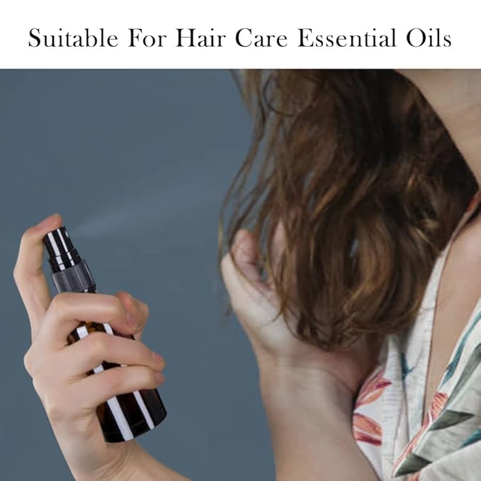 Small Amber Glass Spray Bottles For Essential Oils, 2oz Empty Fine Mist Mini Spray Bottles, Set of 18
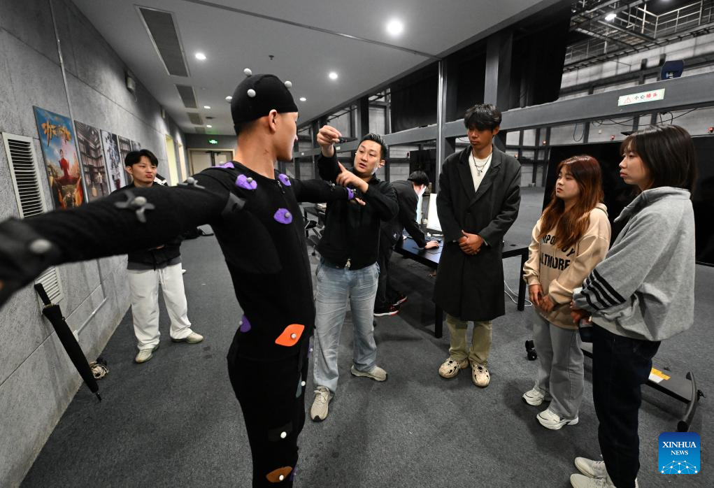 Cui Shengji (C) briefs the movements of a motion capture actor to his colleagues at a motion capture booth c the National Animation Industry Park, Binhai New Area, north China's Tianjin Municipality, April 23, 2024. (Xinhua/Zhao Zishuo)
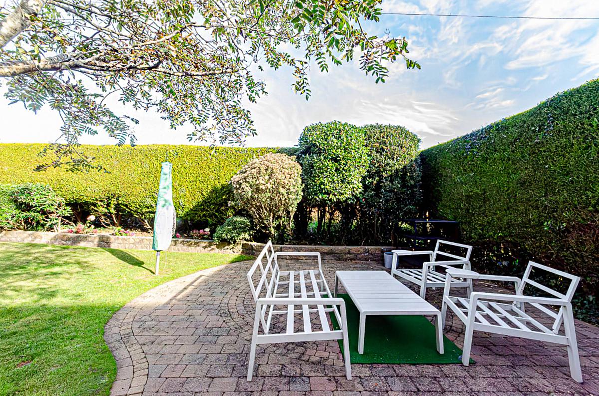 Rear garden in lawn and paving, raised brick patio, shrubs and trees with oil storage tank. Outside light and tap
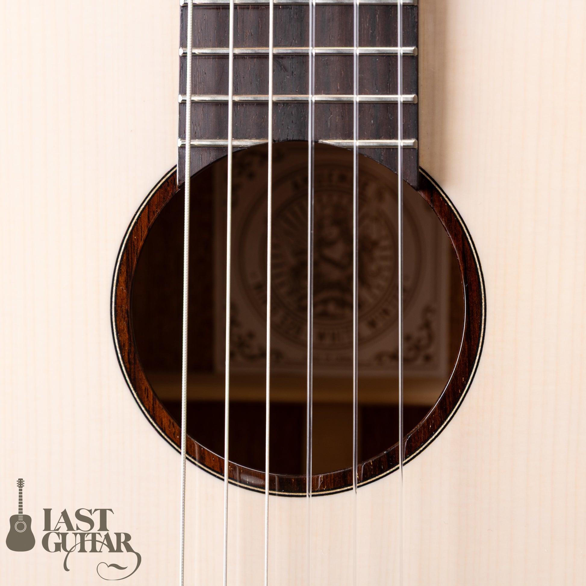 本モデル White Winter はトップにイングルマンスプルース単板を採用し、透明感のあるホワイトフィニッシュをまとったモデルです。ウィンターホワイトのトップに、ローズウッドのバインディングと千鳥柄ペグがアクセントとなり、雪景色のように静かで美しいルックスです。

PROBLEM DETAILS: Your copy of the data above should match it exactly, apart from the images.

REPLY TO THE EXERCISE:
 Small Amber Glass Spray Bottles For Essential Oils, 2oz Empty Fine Mist Mini Spray Bottles, Set of 18
 Cui Shengji (C) briefs the movements of a motion capture actor to his colleagues at a motion capture booth c the National Animation Industry Park, Binhai New Area, north China's Tianjin Municipality, April 23, 2024. (Xinhua/Zhao Zishuo)
 Rear garden in lawn and paving, raised brick patio, shrubs and trees with oil storage tank. Outside light and tap
 本モデル White Winter はトップにイングルマンスプルース単板を採用し、透明感のあるホワイトフィニッシュをまとったモデルです。ウィンターホワイトのトップに、ローズウッドのバインディングと千鳥柄ペグがアクセントとなり、雪景色のように静かで美しいルックスです。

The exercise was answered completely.